In light of disturbing WikiLeaks cables, American and worldwide human rights and environmental organizations will also be questioning why the Obama administration is covertly pushing for Bangladesh to reverse course and acquiesce to an internationally condemned open-pit mine that will displace an estimated 100,000-200,000 villagers and ravage desperately needed farmland and water resources.

There were some interesting pieces about the nuclear crisis in Japan that made mention of the Upper Big Branch Mine Disaster and would be of interest to Coal Tattoo readers who are interested not just in energy policy, but in how major workplace or environmental disasters can occur, despite the many layers of protections industry sets up.

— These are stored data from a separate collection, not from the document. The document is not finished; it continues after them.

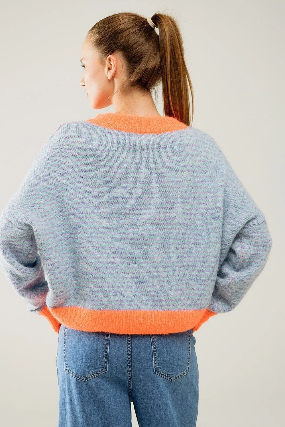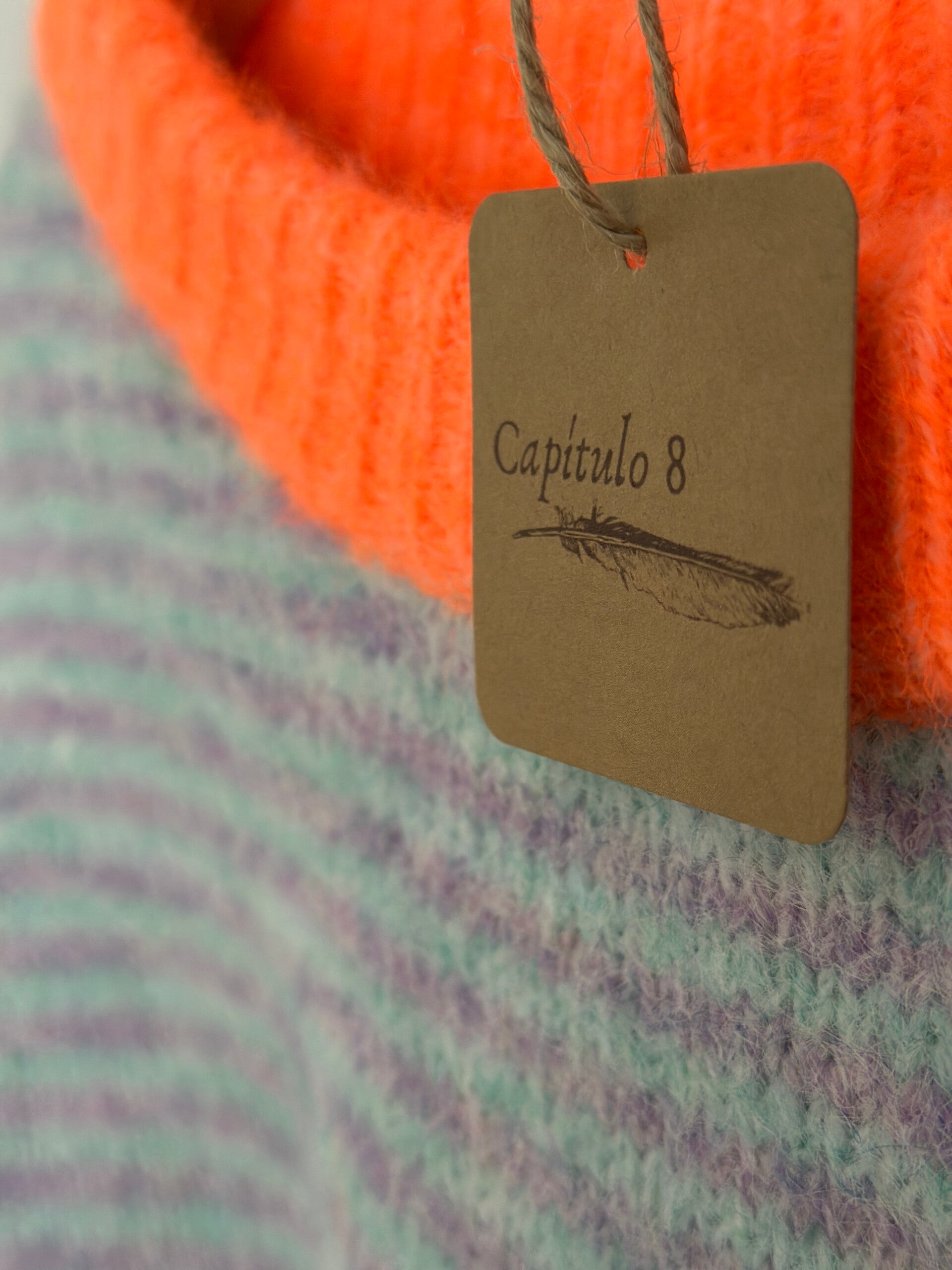 Jersey de punto con una llamativa combinación de naranja, azul suave y morado. Este jersey cálido y cómodo de talla única tiene un corte moderno, ligeramente más corto que el clásico, y se ajusta perfectamente a la talla.
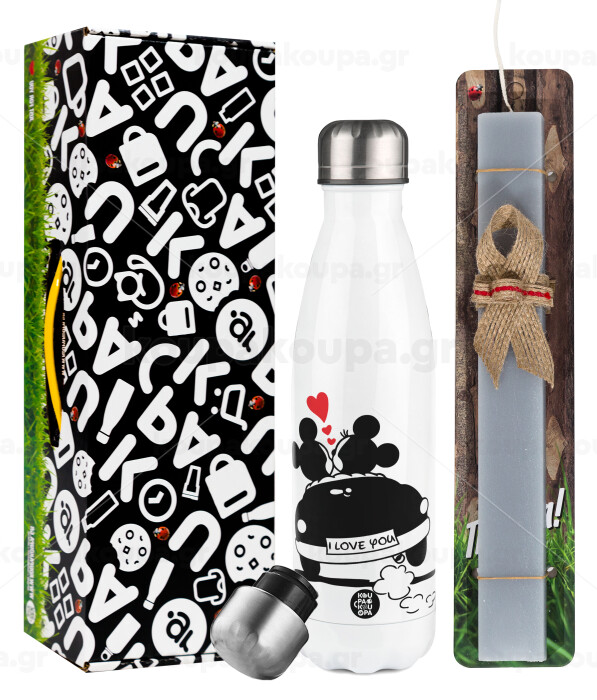 Love Car, Πασχαλινή Λαμπάδα με μεταλλικό παγούρι θερμός λευκός (500ml) & λαμπάδα αρωματική πλακέ (30cm) (ΓΚΡΙ)
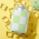 Pastel Green Checkerboard Retro Modern Checks Can Cooler
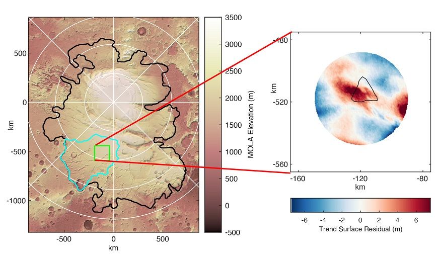 模型产生的地形起伏与实际航天器观测结果之间的相似之处,以及早先的冰层穿透雷达证据表明,火星南极冰盖下有积聚的液态水,火星地下的岩浆活动相对较近,以使水保持液态。
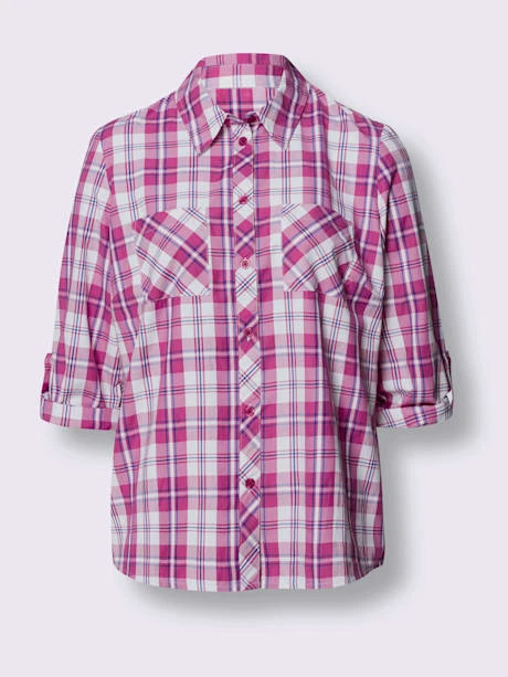 Ce chemisier à carreaux toujours élégant est facile à combiner. Le petit plus : les manches retroussables à longueur 3/4 ! Avec coutures poitrine, des poches plaquées sur la poitrine et manchettes boutonnées.
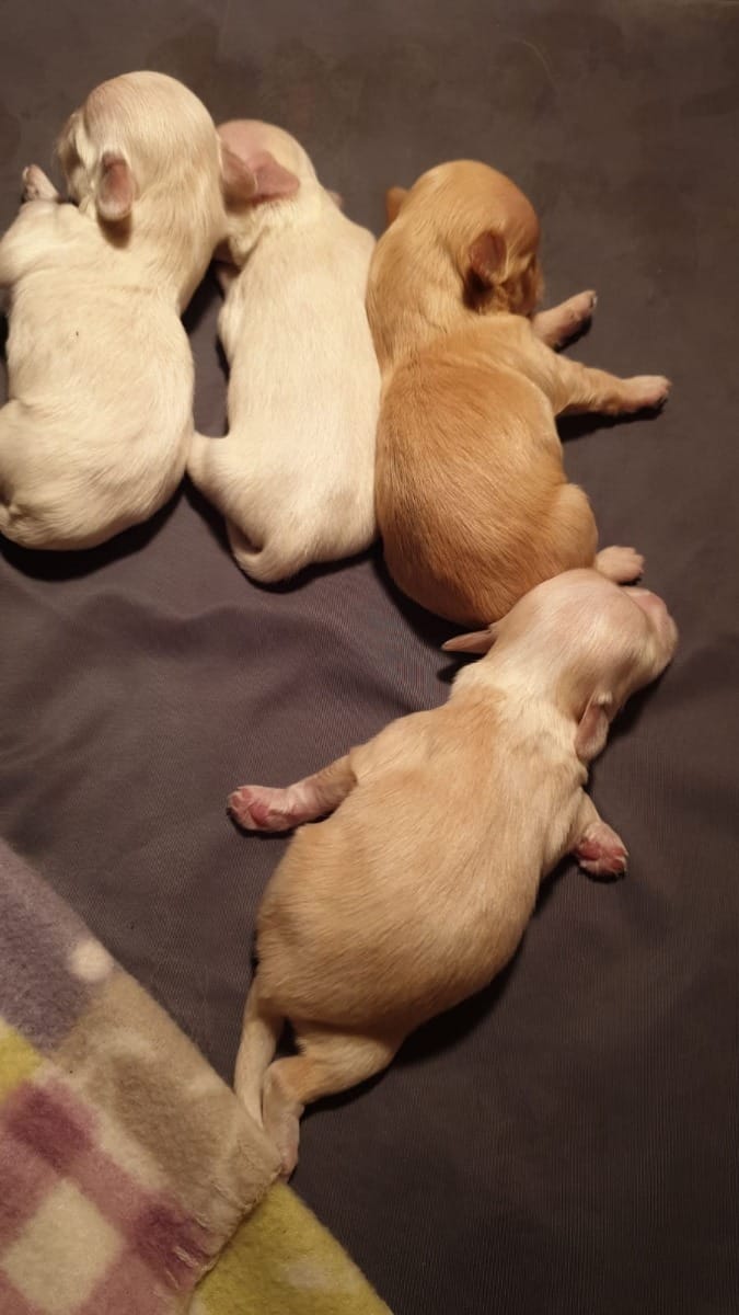 Und dann kam er endlich, der 3.1.2021. Wir schellten an der Tür, von innen begrüßte uns das Hundegebell von Mutter Akira und Großmutter Ellie. Wir betraten das Wohnzimmer und da lagen sie, die kleinen Racker.
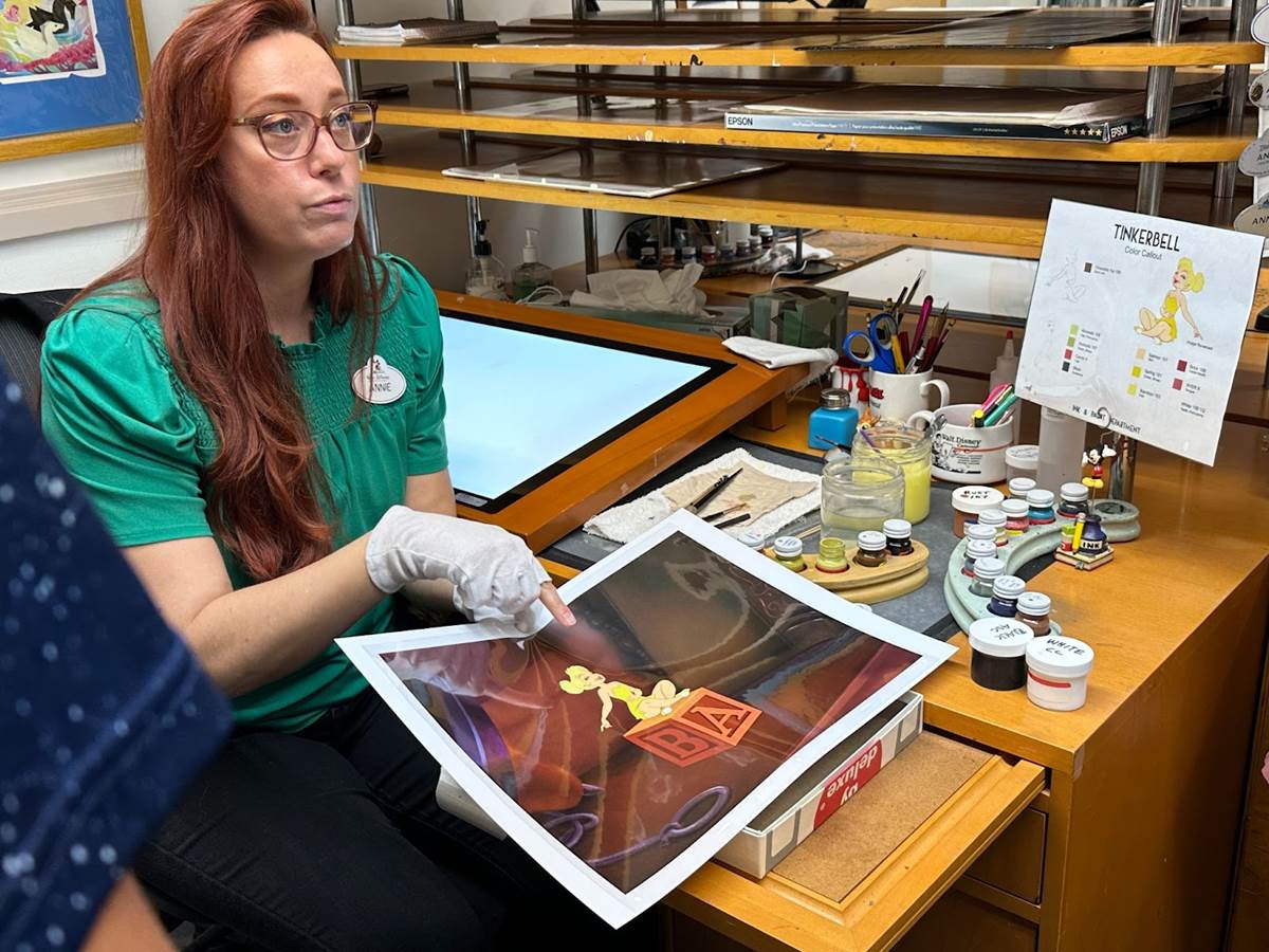 Next, we entered the original Ink & Paint building, most of which is now home to Searchlight Pictures. Inside, the team walked us through the traditional process of inking and painting a cel. Using Tinker Bell as an example. We observed each step of the traditional ink and paint process.

In one story, the New York Times pointed out:

Three of the world’s chief sources of large-scale energy production — coal, oil and nuclear power — have all experienced eye-popping accidents in just the past year. The Upper Big Branch coal mine explosion in West Virginia, the Deepwater Horizon blowout and oil spill in the Gulf of Mexico and the unfolding nuclear crisis in Japan have dramatized the dangers of conventional power generation at a time when the world has no workable alternatives able to operate at sufficient scale.

The policy implications for the United States are vexing. “It’s not possible to achieve a climate solution based on existing technology without a significant reliance on nuclear power,” said Jason Grumet, president of the Bipartisan Policy Center in Washington and an energy and climate change adviser to the 2008 Obama campaign. “It’s early to reach many conclusions about what happened in Japan and the relevance of what happened to the United States. But the safety of nuclear power will certainly be high on the list of questions for the next several months.”

“The world is fundamentally a set of relative risks,” Mr. Grumet added, noting the confluence of disasters in coal mining, oil drilling and nuclear plant operations. “The accident certainly has diminished what had been a growing impetus in the environmental community to support nuclear power as part of a broad bargain on energy and climate policy.”

And in another piece in its Week in Review section, the Times explained:

The sobering fact is that megadisasters like the Japanese earthquake can overcome the best efforts of our species to protect against them. No matter how high the levee or how flexible the foundation, disaster experts say, nature bats last. Dr. Irwin Redlener, director of the National Center for Disaster Preparedness at Columbia University, warned that an earthquake in the United States along the New Madrid fault, which caused strong earthquakes early in the 19th century, could kill tens, or even hundreds of thousands of people in the more densely populated cities surrounding the Mississippi River.

All technology can do in the face of such force is to minimize damage to communities and infrastructure, he said, and “on both of those fronts, we’re never going to be perfect.”

And a Washington Post piece reported:

Many scholars now think that the very complexity of modern life — including our transportation and communication systems, our economy and our social interactions — is directly implicated in the severity of catastrophes. In more complex systems, even small changes or perturbations can have disproportionate and unpredictable effects. The things that make our systems more efficient also make them more effective in spreading the impact of a catastrophe.

The lesson to be drawn from all this is not that we should roll back the clock and return to a simpler and less interconnected existence. It is, rather, that more attention must be paid to the extra risks that come with all the advantages of modern life. There may be a significant cost involved in preventing low-probability disasters, or having sufficient infrastructure to deal with them when they cannot be prevented. But as we are reminded by this week’s events in Japan, that cost is likely to be less than the cost of ignoring those risks and doing nothing at all.

Finally, the Spike TV reality show, “Coal” is certainly getting a lot of media coverage, including reviews by The New York Times, The Associated Press, and MetroNews.